● **EXCERPTED RECORDS**:
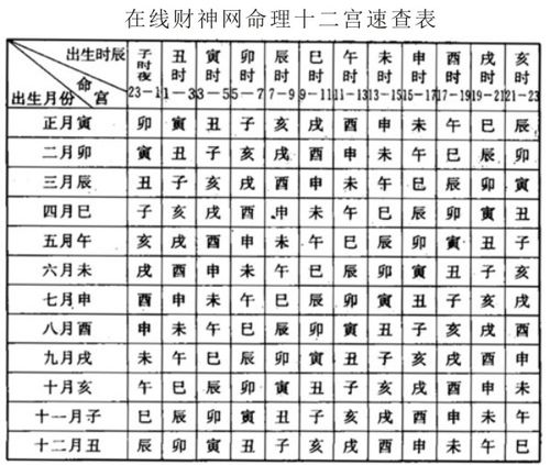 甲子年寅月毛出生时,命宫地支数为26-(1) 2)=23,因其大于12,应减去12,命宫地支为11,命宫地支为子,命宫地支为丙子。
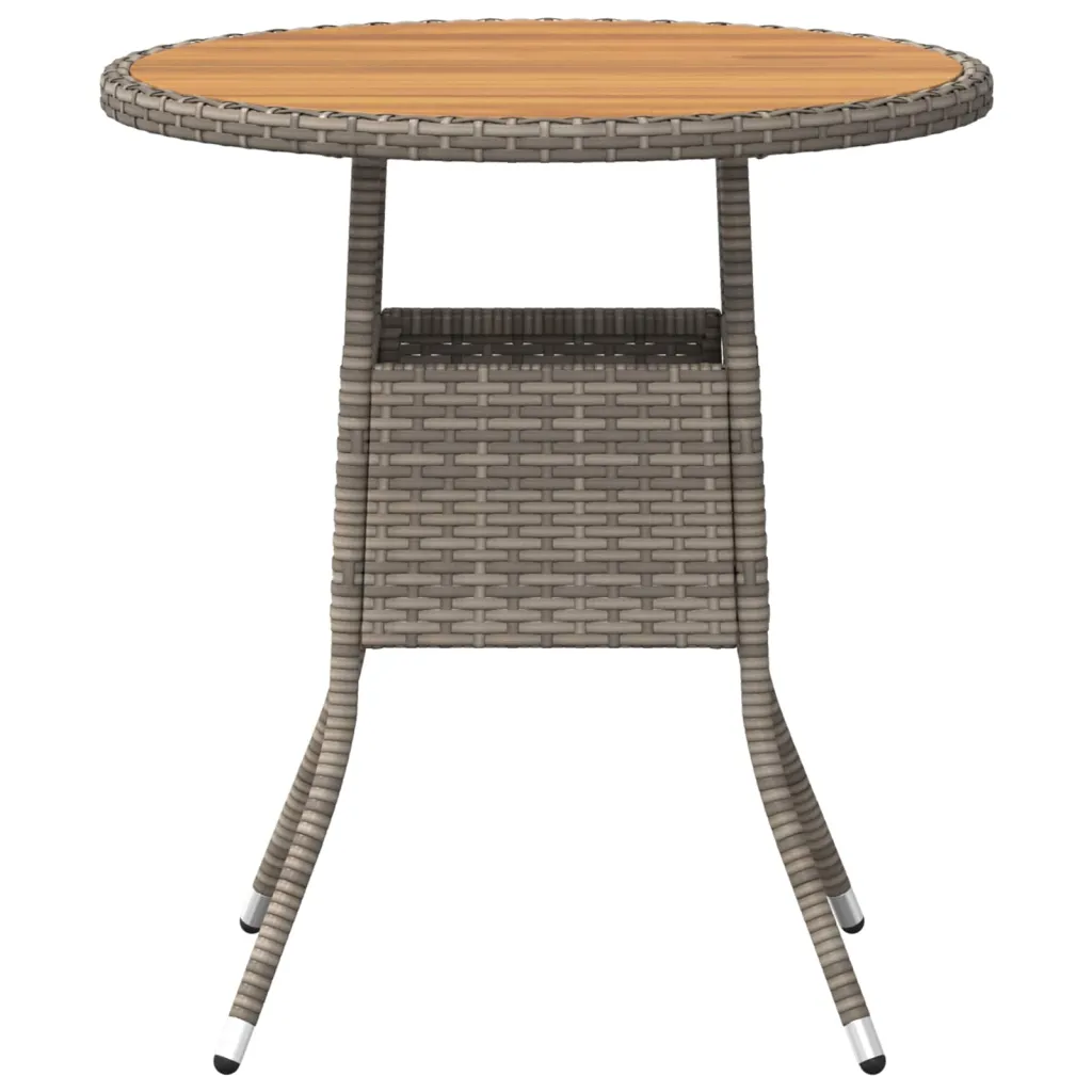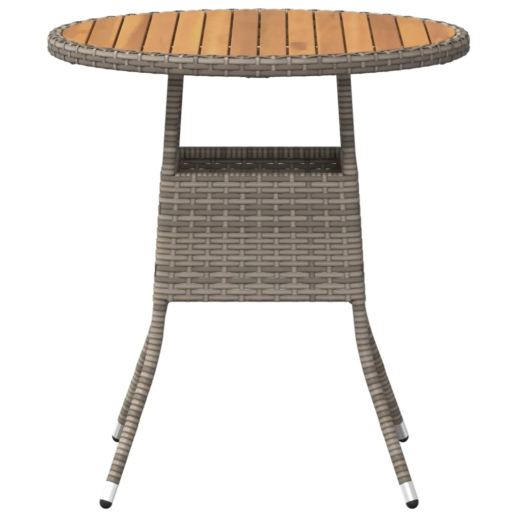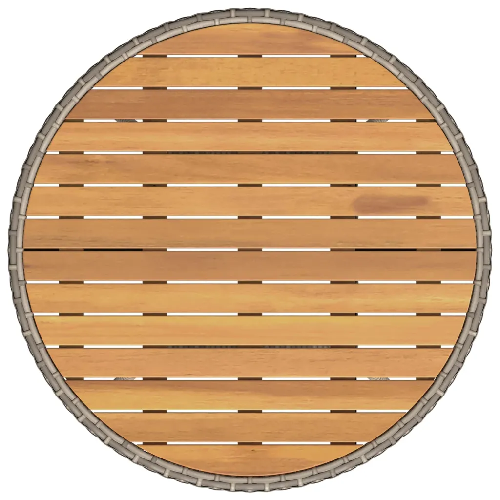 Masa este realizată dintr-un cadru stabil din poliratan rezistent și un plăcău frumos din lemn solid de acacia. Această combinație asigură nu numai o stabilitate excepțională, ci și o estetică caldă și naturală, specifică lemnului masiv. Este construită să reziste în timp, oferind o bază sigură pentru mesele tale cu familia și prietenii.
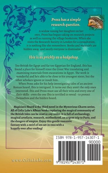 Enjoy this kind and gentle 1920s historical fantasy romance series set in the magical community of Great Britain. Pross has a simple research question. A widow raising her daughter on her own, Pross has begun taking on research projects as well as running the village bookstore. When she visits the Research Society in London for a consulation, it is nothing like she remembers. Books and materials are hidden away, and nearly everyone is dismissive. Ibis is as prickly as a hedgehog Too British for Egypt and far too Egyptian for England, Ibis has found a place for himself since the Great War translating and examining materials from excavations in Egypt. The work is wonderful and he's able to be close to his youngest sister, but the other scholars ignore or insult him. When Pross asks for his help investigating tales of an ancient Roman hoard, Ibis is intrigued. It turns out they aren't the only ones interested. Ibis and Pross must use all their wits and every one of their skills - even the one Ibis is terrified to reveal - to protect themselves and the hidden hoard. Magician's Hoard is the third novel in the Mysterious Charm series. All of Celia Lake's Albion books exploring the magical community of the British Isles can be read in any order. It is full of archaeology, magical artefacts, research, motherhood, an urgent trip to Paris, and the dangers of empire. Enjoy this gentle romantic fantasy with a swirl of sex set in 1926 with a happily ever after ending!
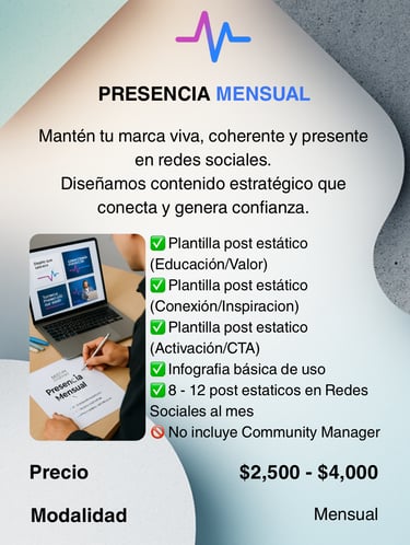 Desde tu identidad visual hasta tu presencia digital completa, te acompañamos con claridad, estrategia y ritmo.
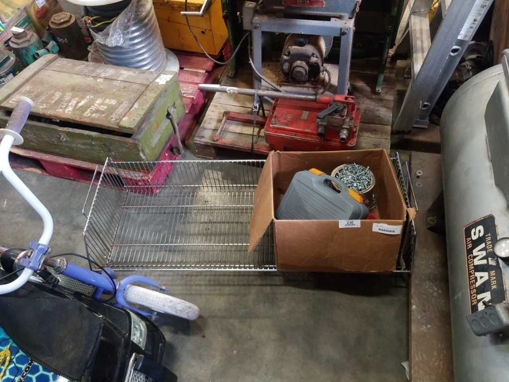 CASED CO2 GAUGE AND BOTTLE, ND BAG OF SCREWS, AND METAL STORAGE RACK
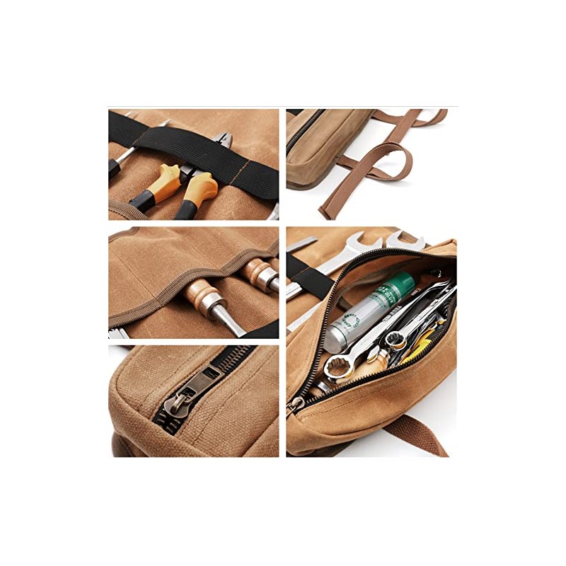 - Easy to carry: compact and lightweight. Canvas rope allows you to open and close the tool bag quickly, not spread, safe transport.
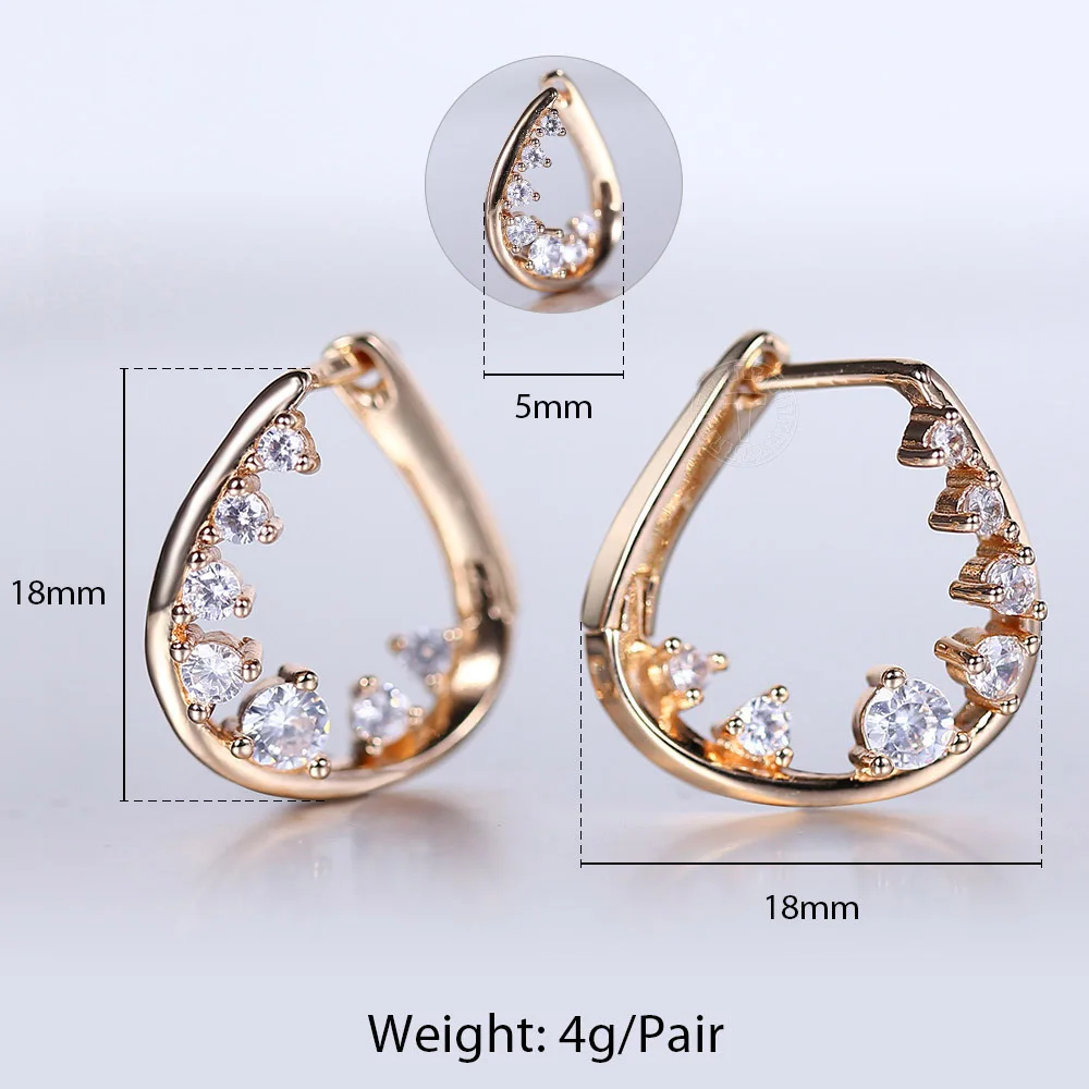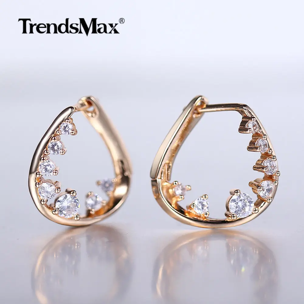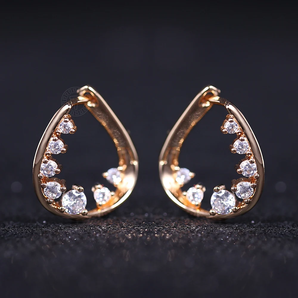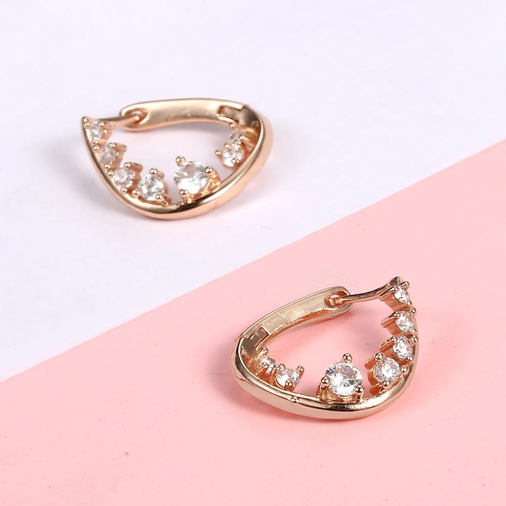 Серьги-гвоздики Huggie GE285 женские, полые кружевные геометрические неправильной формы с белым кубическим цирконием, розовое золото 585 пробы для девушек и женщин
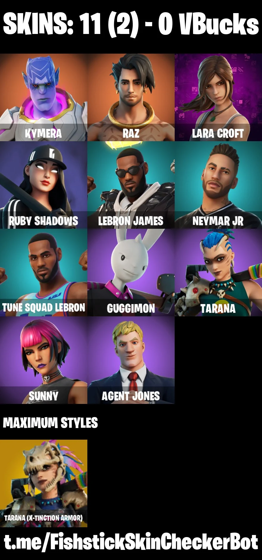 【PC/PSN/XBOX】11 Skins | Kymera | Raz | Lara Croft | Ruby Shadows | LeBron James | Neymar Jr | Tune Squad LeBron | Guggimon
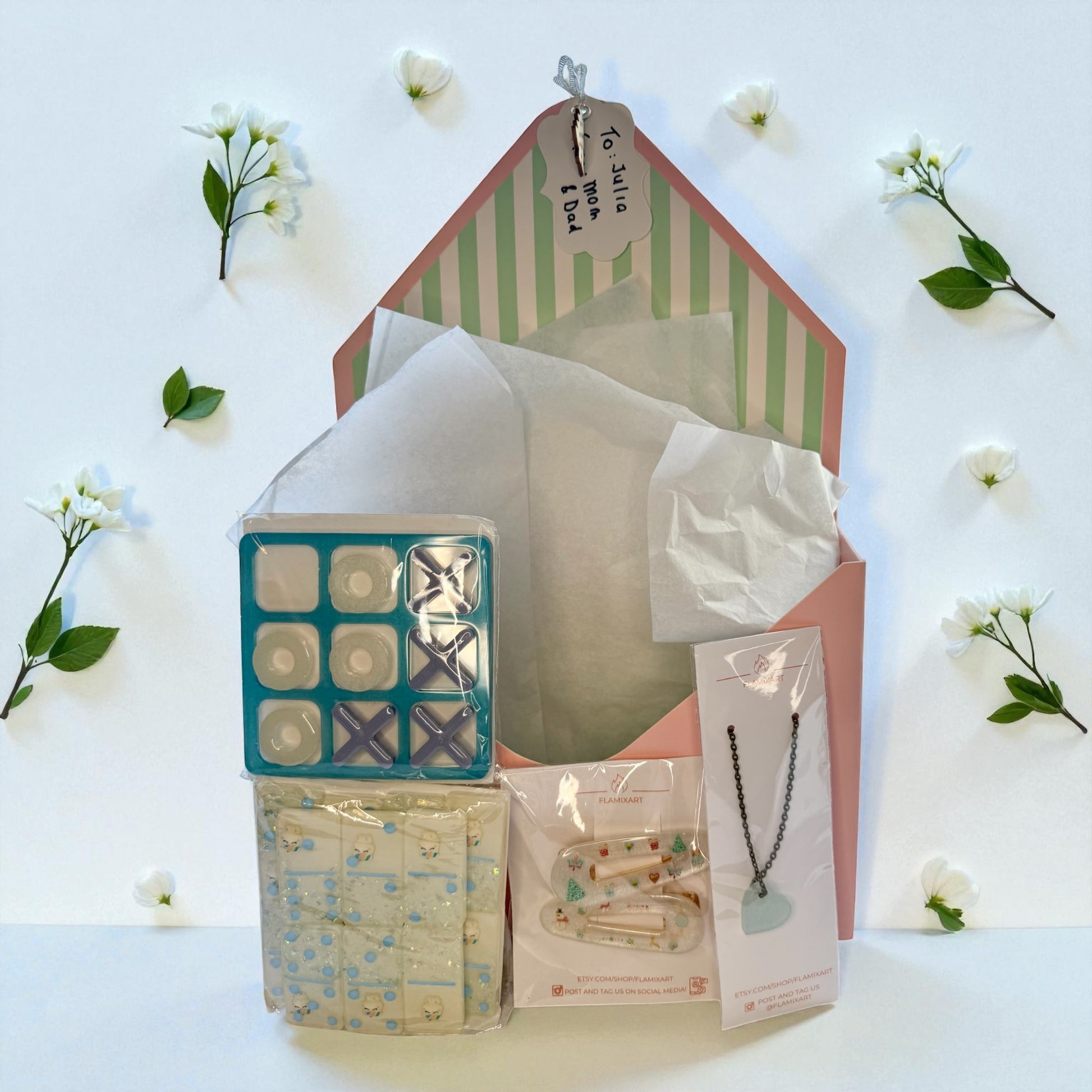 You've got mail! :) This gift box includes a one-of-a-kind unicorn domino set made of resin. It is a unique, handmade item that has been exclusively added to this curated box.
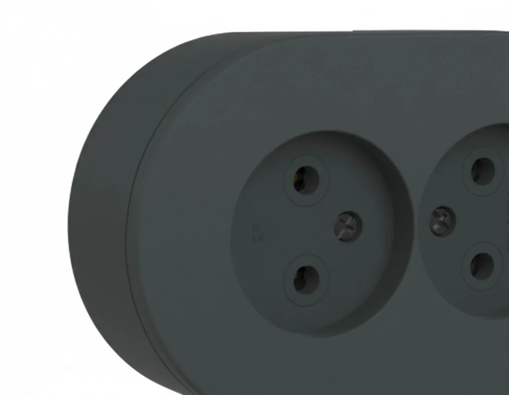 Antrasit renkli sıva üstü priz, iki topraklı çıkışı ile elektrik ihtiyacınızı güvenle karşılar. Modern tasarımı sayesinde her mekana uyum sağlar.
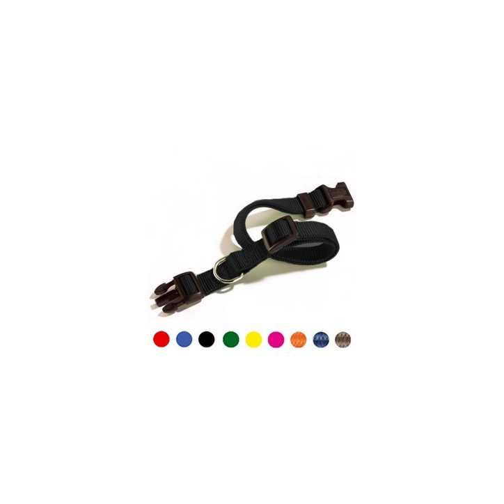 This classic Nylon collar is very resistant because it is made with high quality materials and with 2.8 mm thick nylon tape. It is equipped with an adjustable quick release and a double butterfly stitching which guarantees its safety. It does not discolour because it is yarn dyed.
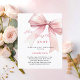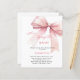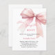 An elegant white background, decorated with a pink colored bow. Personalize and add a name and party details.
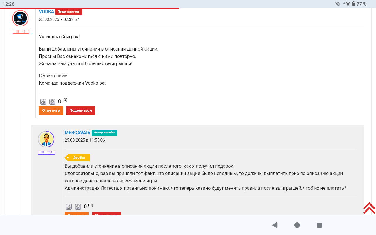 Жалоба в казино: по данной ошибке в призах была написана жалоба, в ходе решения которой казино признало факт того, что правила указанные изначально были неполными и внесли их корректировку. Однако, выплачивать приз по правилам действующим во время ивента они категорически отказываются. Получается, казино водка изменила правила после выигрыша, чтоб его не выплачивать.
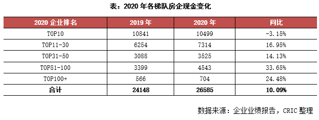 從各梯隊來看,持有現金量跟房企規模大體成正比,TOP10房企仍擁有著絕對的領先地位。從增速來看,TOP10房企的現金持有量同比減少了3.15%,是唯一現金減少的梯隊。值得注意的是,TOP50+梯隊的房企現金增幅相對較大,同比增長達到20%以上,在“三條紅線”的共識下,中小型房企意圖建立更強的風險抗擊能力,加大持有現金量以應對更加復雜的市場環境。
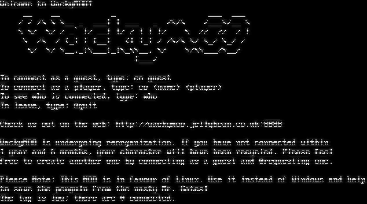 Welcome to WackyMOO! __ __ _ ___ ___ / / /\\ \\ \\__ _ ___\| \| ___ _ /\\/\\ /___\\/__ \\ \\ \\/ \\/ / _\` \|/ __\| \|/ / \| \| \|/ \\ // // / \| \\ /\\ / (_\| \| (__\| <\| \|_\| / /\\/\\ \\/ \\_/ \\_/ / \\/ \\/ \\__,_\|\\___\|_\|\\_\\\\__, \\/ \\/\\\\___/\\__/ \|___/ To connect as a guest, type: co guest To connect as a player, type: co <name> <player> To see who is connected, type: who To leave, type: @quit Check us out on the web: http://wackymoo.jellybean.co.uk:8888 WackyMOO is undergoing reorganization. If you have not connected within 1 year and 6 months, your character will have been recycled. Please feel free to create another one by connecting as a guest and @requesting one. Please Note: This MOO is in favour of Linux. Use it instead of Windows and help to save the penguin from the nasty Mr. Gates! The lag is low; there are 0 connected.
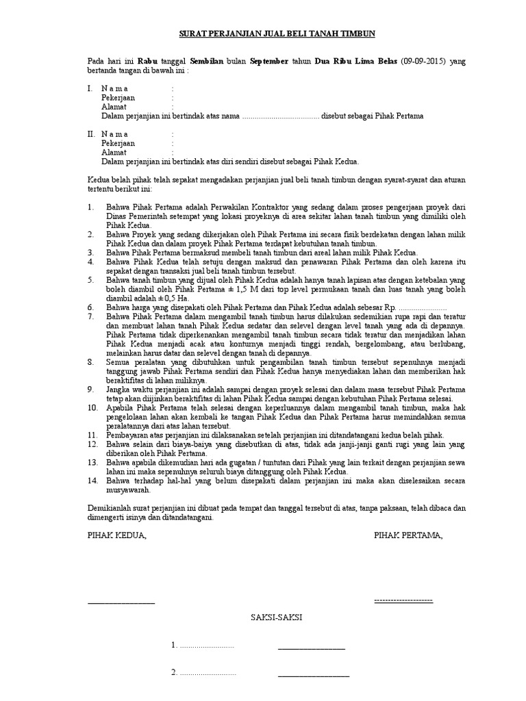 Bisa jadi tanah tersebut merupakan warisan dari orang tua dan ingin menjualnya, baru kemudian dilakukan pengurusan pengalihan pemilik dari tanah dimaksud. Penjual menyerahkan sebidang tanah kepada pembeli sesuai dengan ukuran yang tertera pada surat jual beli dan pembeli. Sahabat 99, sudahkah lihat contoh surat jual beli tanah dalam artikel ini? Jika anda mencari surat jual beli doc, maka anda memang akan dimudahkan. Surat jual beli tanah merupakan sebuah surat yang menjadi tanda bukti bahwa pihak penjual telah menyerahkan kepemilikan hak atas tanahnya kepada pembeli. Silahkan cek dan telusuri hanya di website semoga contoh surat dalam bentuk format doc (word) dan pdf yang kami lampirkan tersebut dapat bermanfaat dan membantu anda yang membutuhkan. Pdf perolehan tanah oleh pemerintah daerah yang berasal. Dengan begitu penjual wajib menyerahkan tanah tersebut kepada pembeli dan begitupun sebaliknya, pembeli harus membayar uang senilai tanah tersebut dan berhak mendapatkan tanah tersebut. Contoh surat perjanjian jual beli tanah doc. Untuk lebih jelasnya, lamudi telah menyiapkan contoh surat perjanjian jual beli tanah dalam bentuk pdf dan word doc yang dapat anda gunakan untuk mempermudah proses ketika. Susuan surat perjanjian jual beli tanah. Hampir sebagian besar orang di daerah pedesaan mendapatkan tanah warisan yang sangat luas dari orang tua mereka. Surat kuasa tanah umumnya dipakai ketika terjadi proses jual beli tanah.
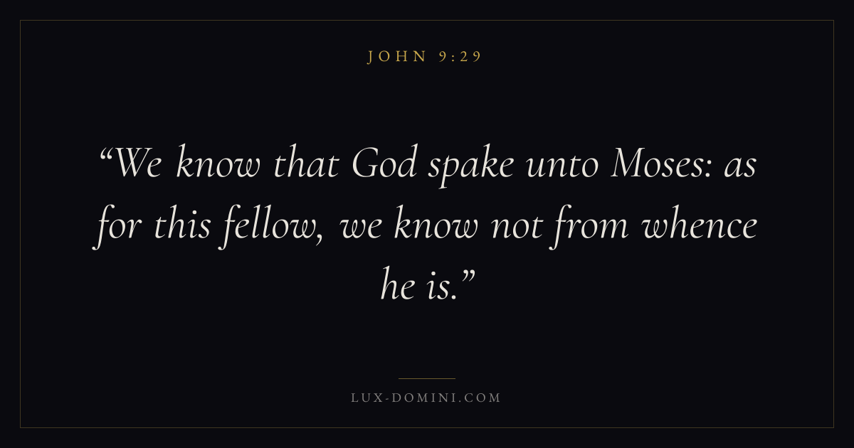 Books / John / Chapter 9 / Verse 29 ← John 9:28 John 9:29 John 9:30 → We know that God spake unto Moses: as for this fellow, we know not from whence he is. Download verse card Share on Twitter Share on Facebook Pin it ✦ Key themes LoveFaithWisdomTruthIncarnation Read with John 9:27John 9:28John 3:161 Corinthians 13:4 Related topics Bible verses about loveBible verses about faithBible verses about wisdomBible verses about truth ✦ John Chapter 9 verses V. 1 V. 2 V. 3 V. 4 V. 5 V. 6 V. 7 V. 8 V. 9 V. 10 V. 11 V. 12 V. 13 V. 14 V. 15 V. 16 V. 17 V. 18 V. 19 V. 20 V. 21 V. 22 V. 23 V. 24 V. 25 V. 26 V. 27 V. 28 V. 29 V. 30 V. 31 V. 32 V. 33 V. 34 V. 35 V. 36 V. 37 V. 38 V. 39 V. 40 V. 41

● **EXERCISE**: Starting at the line above that has "LeBron | Guggimon" and ending at the line that has "You've got mail!", copy each line exactly, leaving the pictures out and adding nothing.

● **RESPONSE BELOW**:
 【PC/PSN/XBOX】11 Skins | Kymera | Raz | Lara Croft | Ruby Shadows | LeBron James | Neymar Jr | Tune Squad LeBron | Guggimon
 You've got mail! :) This gift box includes a one-of-a-kind unicorn domino set made of resin. It is a unique, handmade item that has been exclusively added to this curated box.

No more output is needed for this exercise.